[ensembl-dev] Annotating variants against custom transcripts
Shawn Yost
yostshawn at gmail.com
Mon Jan 22 13:24:31 GMT 2018
Hi,
Thank you for the help. I did add 'biotype=protein_coding' and it
seems to have worked now.

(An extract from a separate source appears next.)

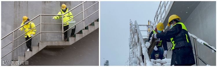 开工第一天,排水公司出动应急人员120多人、使用融雪剂157公斤、敷设防滑草甸1250只、铺设防滑垫300米,铲除道路结冰,确保厂区主干道畅通无阻,生产平稳运行。
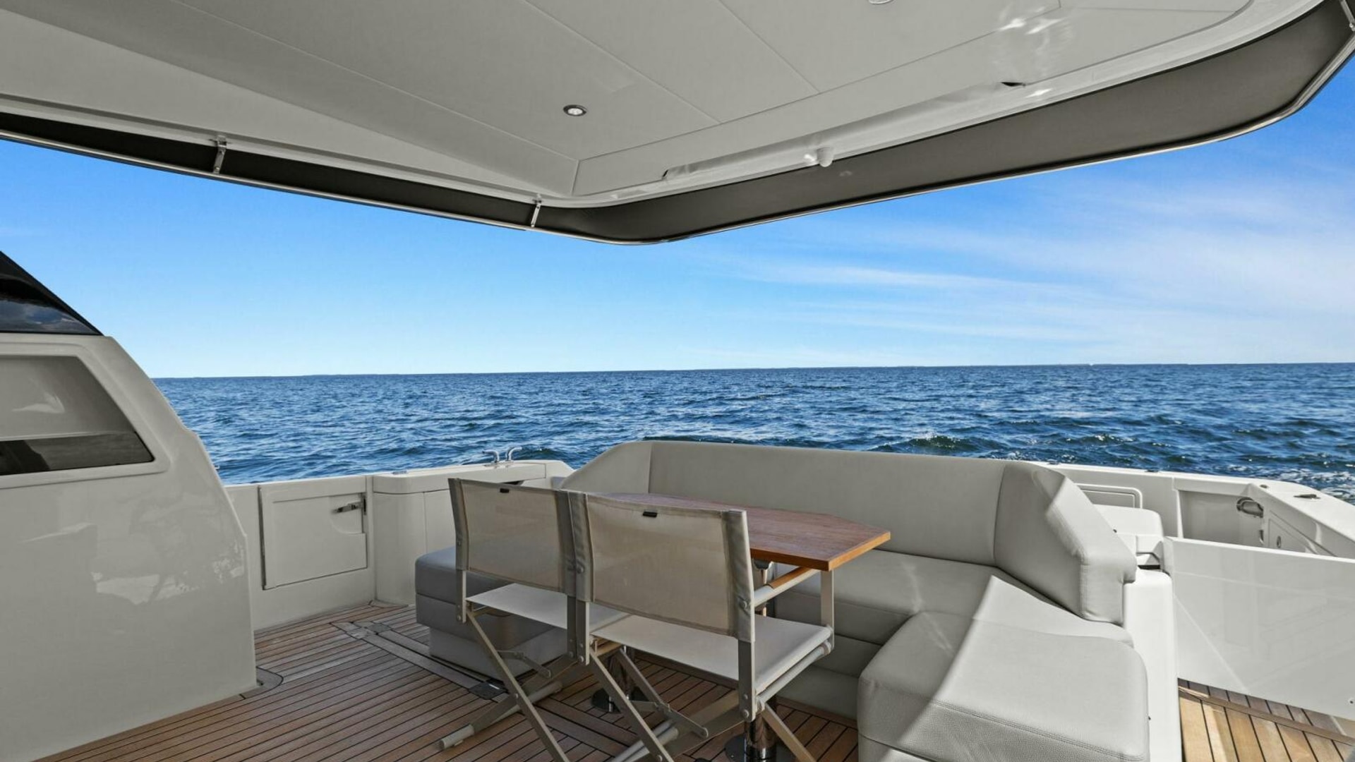 - Cockpit: Extended, Custom U-shaped seating with table, chaise lounge ottomans, side boarding gates, thruster and engine controls, aft drop cover

I did receive the following error/warning
multiple times:
Use of uninitialized value in hash element at
/opt/gridware/apps/vep/91/modules/Bio/EnsEMBL/VEP/Stats.pm line 365,
<__ANONIO__> line 470.
However I do have annotations for all 392 variants I tested this with.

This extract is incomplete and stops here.